## Source records

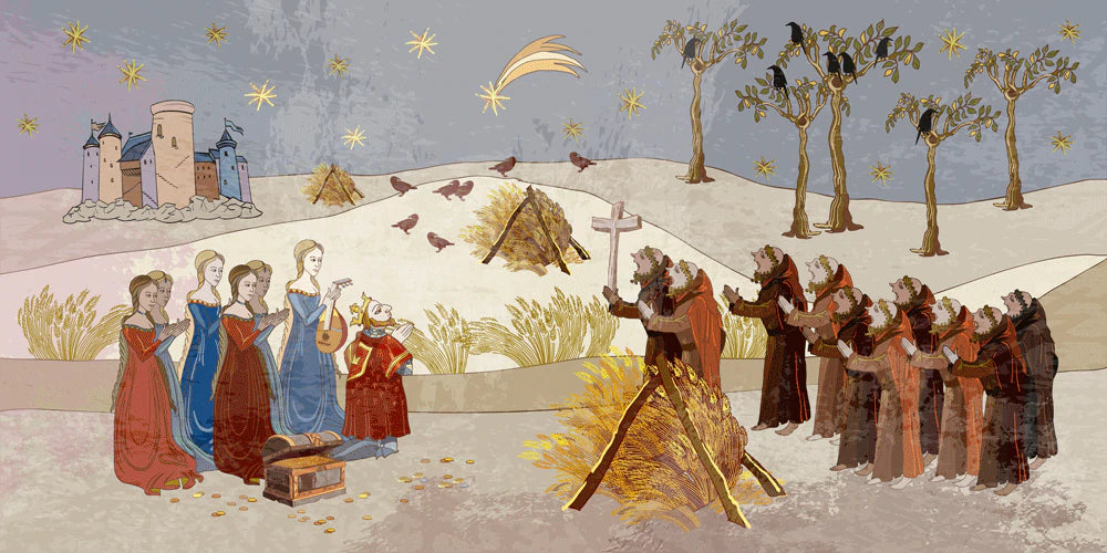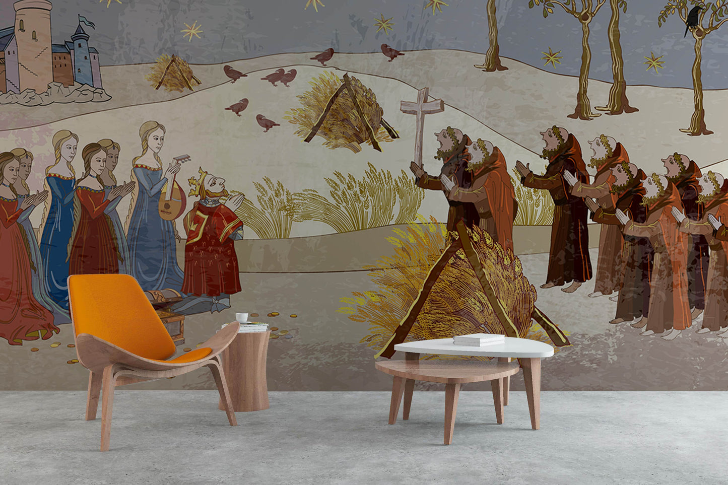 Immergez votre espace dans l'enchantement du monde des époques révolues avec notre papier peint Scène de Conteur Médiéval. Parfait pour créer une ambiance unique et intemporelle, sa palette de couleurs douces et son style d'illustration de conte de fées ajoutent une touche de charme historique à n'importe quelle pièce.
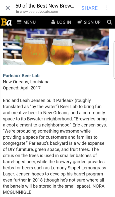 - Parleaux Beer Lab, New Orleans, opened March 2017
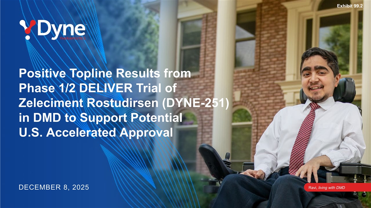 Zeleciment Rostudirsen(DYNE-251)在DMD中的1/2期交付试验的99.2阳性顶线结果,以支持潜在的美国加速批准Ravi,与DMD一起生活2025年12月8日
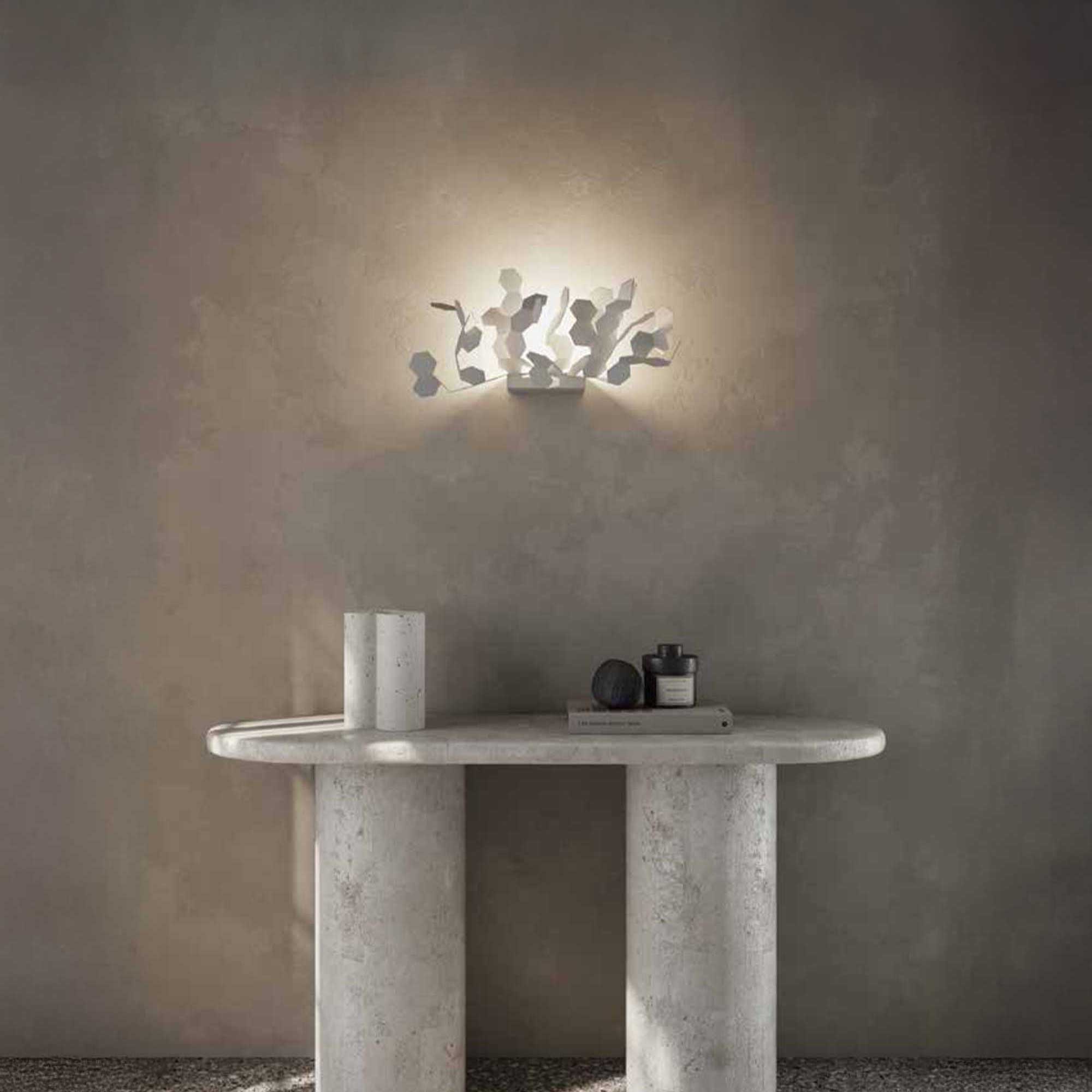 Jedním z největších lákadel nástěnného svítidla Andromeda je možnost jeho ruční modulace. Každý z šestiúhelníkových difuzorů lze samostatně ohýbat a natáčet, čímž si uživatel sám vytváří výsledný tvar a světelný efekt. Díky tomu je každá instalace originální a přizpůsobená konkrétnímu interiéru – svítidlo se tak stává interaktivním designovým prvkem, který nabízí mnohem víc než jen světlo.
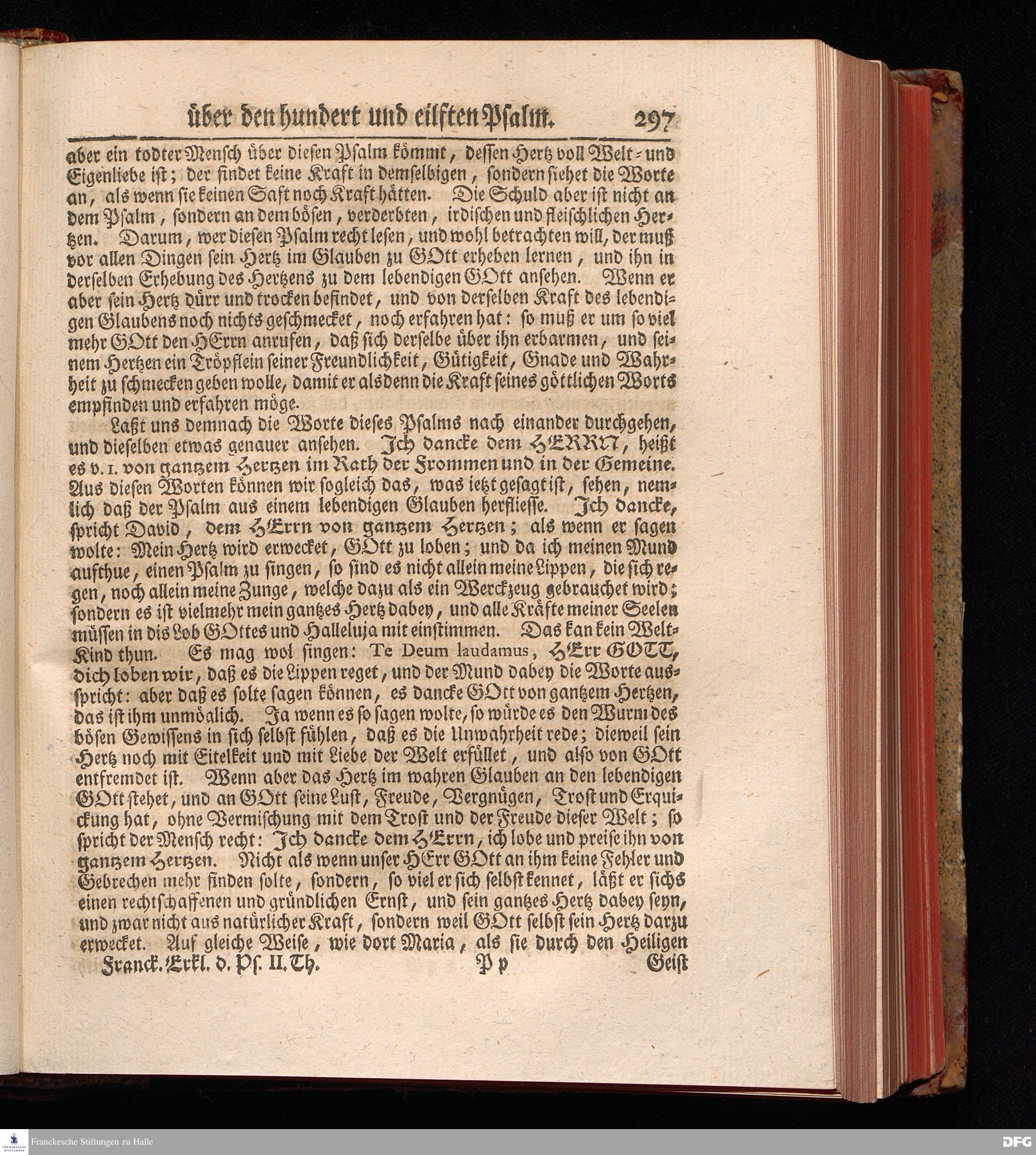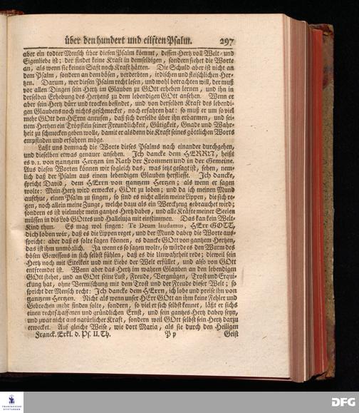 August Hermann Franckens, Weyl.Prof.Theol.Past.Ulr.und Schol. Erklärung Der Psalmen Davids; Erster [und] Anderer Theil, Mit einer Vorrede herausgegeben Von Gotthilf August Francken, S.S.Theol.Doct.und Prof.Publ.Ord.der ersten Dioeces des Saal-Creyses Inspectore und Pred.zur L.Fr. Andere Auflage. HALLE, in Verlegung des Wäysen=Hauses MDCCXLIII--MDCCXLV.
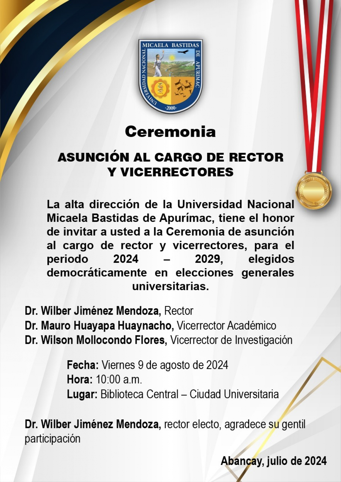 La UNAMBA tiene el honor de invitar a toda la comunidad académica, autoridades nacionales, regionales, locales y comunidad universitaria a la Ceremonia de Asunción de Cargo de Autoridades.
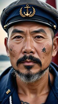 Hyper detailed photo of a captivating portrait of a wise and weathered middle aged sailor, photo of a sailor, ultra realistic photo, 44 years old asian male, goatee, adorned with nautical tattoos and a rugged expression that tells tales of countless voyages, award winning realistic photograph by the world best portrait photographer, overcast day, vivid fantasy colors, nikon, award winning, breathtaking, groundbreaking, superb, outstanding, lens culture landscape awards, photoshopped, evenly lit features, 8k, hi res
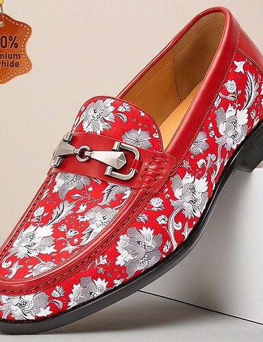 Herre røde blomstrete jacquard-loafers med metallbit og slip-on-sko, stilig statement-fottøy for bryllupsgjester, banketter, fester, scenearrangementer og kveldsklær
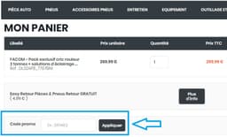 - Sur la page du récapitulatif de votre commande, recherchez le champ intitulé “Code promo”. Saisissez votre code promo Pièces & Pneus dans cet espace et cliquez sur Appliquer pour que la réduction soit prise en compte sur votre commande.
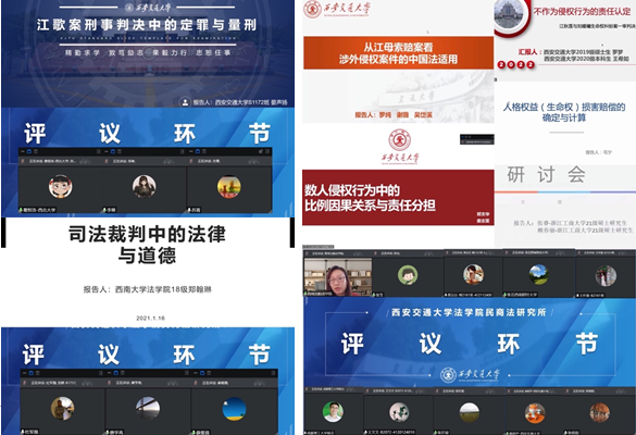 本次研讨会分为三个单元,第一单元“刑事判决中的定罪与量刑(中日对比)”由我院副教授苏青主持。我院副教授李琳和西北大学uwin电竞官网讲师葛恒浩对本单元进行了评议。最后,苏青老师做总结发言;第二单元由uwin电竞官网uwin电竞官网民商法研究所副教授薛华主持,本单元分为五个主题“海外侵权案件的中国法适用”、“不作为侵权行为的责任认定”、“共同侵权行为中的比例因果关系与责任分担”、“人格权益损害赔偿的确定与计算”、“诉讼证据与诉讼当事人”。北京航空航天大学教授张晓茹、副教授高琦、成都理工大学副教授杨会、西南财经大学副教授张芸、我院教授张生、助理教授张珍星及我院博士生王文文、黄豆豆、王作慧、薛舒尹分别进行了评议并提出了自己的观点;第三单元“民法中的法理学”由我院2017级博士研究生刘茜主持。我院副教授杜军强、唐学亮、薛爱昌进行评议。

## Description of the task
Repeat the material verbatim. Do not carry over any picture.

## Exercise output
 Immergez votre espace dans l'enchantement du monde des époques révolues avec notre papier peint Scène de Conteur Médiéval. Parfait pour créer une ambiance unique et intemporelle, sa palette de couleurs douces et son style d'illustration de conte de fées ajoutent une touche de charme historique à n'importe quelle pièce.
 - Parleaux Beer Lab, New Orleans, opened March 2017
 Zeleciment Rostudirsen(DYNE-251)在DMD中的1/2期交付试验的99.2阳性顶线结果,以支持潜在的美国加速批准Ravi,与DMD一起生活2025年12月8日
 Jedním z největších lákadel nástěnného svítidla Andromeda je možnost jeho ruční modulace. Každý z šestiúhelníkových difuzorů lze samostatně ohýbat a natáčet, čímž si uživatel sám vytváří výsledný tvar a světelný efekt. Díky tomu je každá instalace originální a přizpůsobená konkrétnímu interiéru – svítidlo se tak stává interaktivním designovým prvkem, který nabízí mnohem víc než jen světlo.
 August Hermann Franckens, Weyl.Prof.Theol.Past.Ulr.und Schol. Erklärung Der Psalmen Davids; Erster [und] Anderer Theil, Mit einer Vorrede herausgegeben Von Gotthilf August Francken, S.S.Theol.Doct.und Prof.Publ.Ord.der ersten Dioeces des Saal-Creyses Inspectore und Pred.zur L.Fr. Andere Auflage. HALLE, in Verlegung des Wäysen=Hauses MDCCXLIII--MDCCXLV.
 La UNAMBA tiene el honor de invitar a toda la comunidad académica, autoridades nacionales, regionales, locales y comunidad universitaria a la Ceremonia de Asunción de Cargo de Autoridades.
 Hyper detailed photo of a captivating portrait of a wise and weathered middle aged sailor, photo of a sailor, ultra realistic photo, 44 years old asian male, goatee, adorned with nautical tattoos and a rugged expression that tells tales of countless voyages, award winning realistic photograph by the world best portrait photographer, overcast day, vivid fantasy colors, nikon, award winning, breathtaking, groundbreaking, superb, outstanding, lens culture landscape awards, photoshopped, evenly lit features, 8k, hi res
 Herre røde blomstrete jacquard-loafers med metallbit og slip-on-sko, stilig statement-fottøy for bryllupsgjester, banketter, fester, scenearrangementer og kveldsklær
 - Sur la page du récapitulatif de votre commande, recherchez le champ intitulé “Code promo”. Saisissez votre code promo Pièces & Pneus dans cet espace et cliquez sur Appliquer pour que la réduction soit prise en compte sur votre commande.
 本次研讨会分为三个单元,第一单元“刑事判决中的定罪与量刑(中日对比)”由我院副教授苏青主持。我院副教授李琳和西北大学uwin电竞官网讲师葛恒浩对本单元进行了评议。最后,苏青老师做总结发言;第二单元由uwin电竞官网uwin电竞官网民商法研究所副教授薛华主持,本单元分为五个主题“海外侵权案件的中国法适用”、“不作为侵权行为的责任认定”、“共同侵权行为中的比例因果关系与责任分担”、“人格权益损害赔偿的确定与计算”、“诉讼证据与诉讼当事人”。北京航空航天大学教授张晓茹、副教授高琦、成都理工大学副教授杨会、西南财经大学副教授张芸、我院教授张生、助理教授张珍星及我院博士生王文文、黄豆豆、王作慧、薛舒尹分别进行了评议并提出了自己的观点;第三单元“民法中的法理学”由我院2017级博士研究生刘茜主持。我院副教授杜军强、唐学亮、薛爱昌进行评议。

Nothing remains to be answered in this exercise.